WHAT IS NEEDED — After finding "Family Karácsonyi dísz" in the material below, output its line and every line after it through the last, exactly, but not the pictures.

DATA BLOCK —

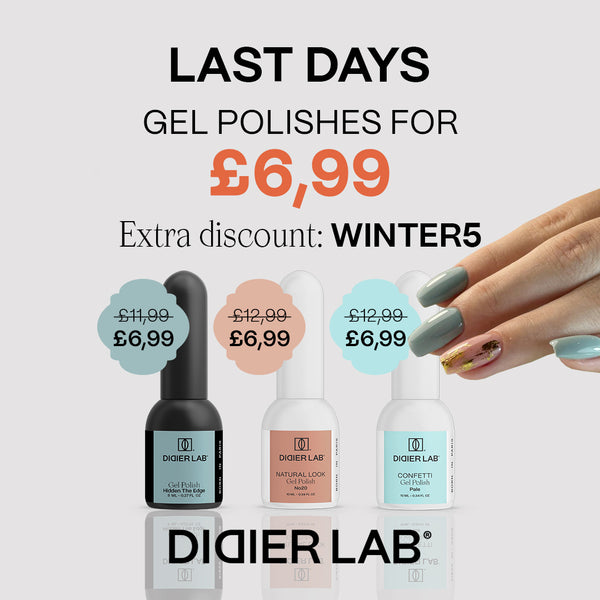 At Didier Lab, we create professional nail care products and tools designed to deliver salon-quality results at home and in the studio. Rooted in French expertise, our brand stands for innovation, precision, and uncompromising quality. From timeless essentials to trend-driven collections, every product is crafted to inspire creativity and ensure flawless results. Discover a wide selection of high-performance formulas and tools that combine beauty, durability, and style – trusted by professionals and loved by nail enthusiasts worldwide.
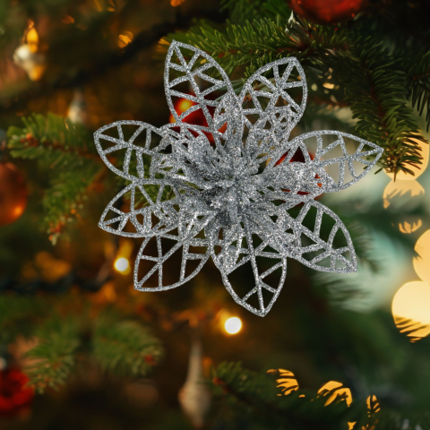 Family Karácsonyi dísz - csipeszes - glitteres virág - ezüst - 3 db / csomag
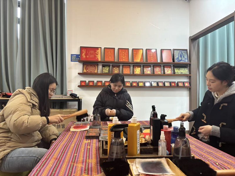 2月2日,团队走进重庆市非遗体验中心。剪纸在红纸上绽开巧思,花丝镶嵌的方寸间流转光泽,艾草的清香弥漫古韵,拓印让石碑上的文字悄然苏醒,香水文化则融合古今,芬香中承载着中华文明的智慧与风骨。每一门手艺,都是一部可触可感的“活历史”。

ANSWER SECTION —
 Family Karácsonyi dísz - csipeszes - glitteres virág - ezüst - 3 db / csomag
 2月2日,团队走进重庆市非遗体验中心。剪纸在红纸上绽开巧思,花丝镶嵌的方寸间流转光泽,艾草的清香弥漫古韵,拓印让石碑上的文字悄然苏醒,香水文化则融合古今,芬香中承载着中华文明的智慧与风骨。每一门手艺,都是一部可触可感的“活历史”。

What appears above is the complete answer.